Material provided:
§ §

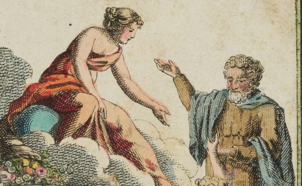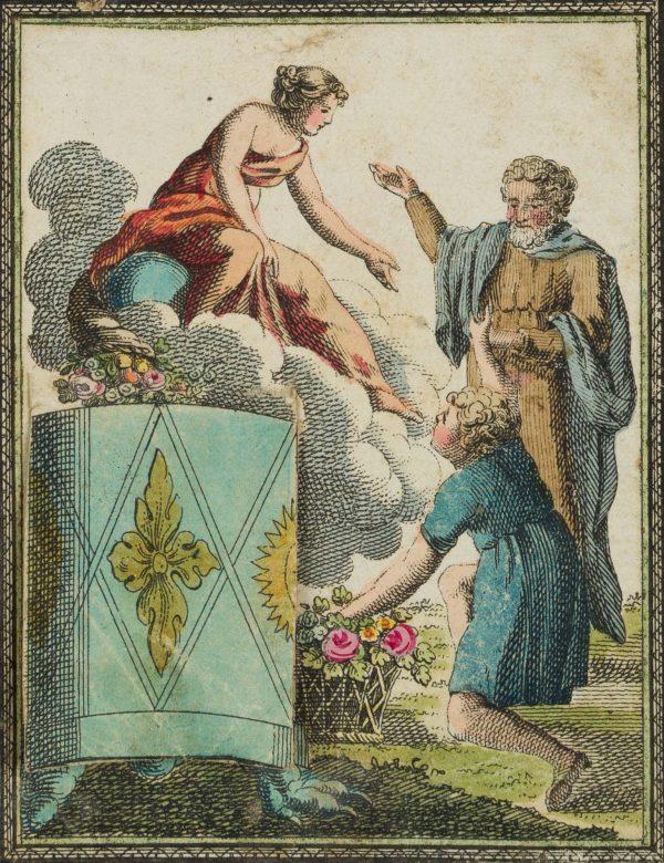 Unbekannt (19. Jahrhundert), Glückwunschkarte, die Göttin Flora auf einer Wolke, um 1900, um 1900, Radierung
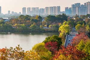 2025年11月13日,冬日暖阳下,四川广安月湖邻里公园披红戴绿,美不胜收。不少市民来此漫步休闲,享受城市公园里的惬意时光。
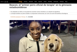 Beacon. El equipo olímpico de gimnasia de USA pone un perro oficial de terapia para sus atletas.
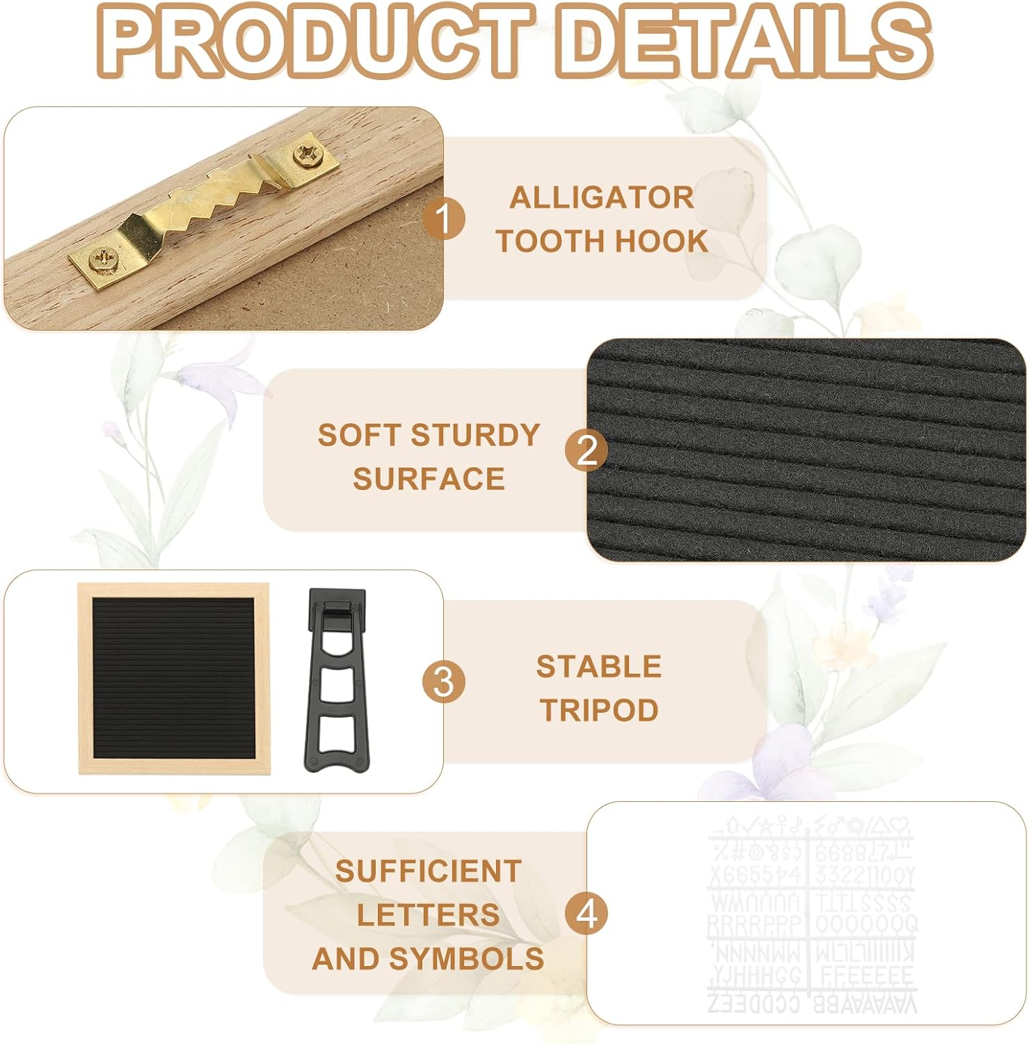 - Material: Wood, Felt, Plastic;Board Color: Black Wood;Letter Color: White;Size: 26x26cm / 10x10";Installation Method: Hanging, Stand Supported;Accessories: Storage Bag, Stand;Package Includes: Message Board x 1, Letter Set x 3, Storage Bag x 1, Stand x 1

§ §

Task to complete:
The lines above should be transcribed exactly, with every image removed.

Task output:
 Unbekannt (19. Jahrhundert), Glückwunschkarte, die Göttin Flora auf einer Wolke, um 1900, um 1900, Radierung
 2025年11月13日,冬日暖阳下,四川广安月湖邻里公园披红戴绿,美不胜收。不少市民来此漫步休闲,享受城市公园里的惬意时光。
 Beacon. El equipo olímpico de gimnasia de USA pone un perro oficial de terapia para sus atletas.
 - Material: Wood, Felt, Plastic;Board Color: Black Wood;Letter Color: White;Size: 26x26cm / 10x10";Installation Method: Hanging, Stand Supported;Accessories: Storage Bag, Stand;Package Includes: Message Board x 1, Letter Set x 3, Storage Bag x 1, Stand x 1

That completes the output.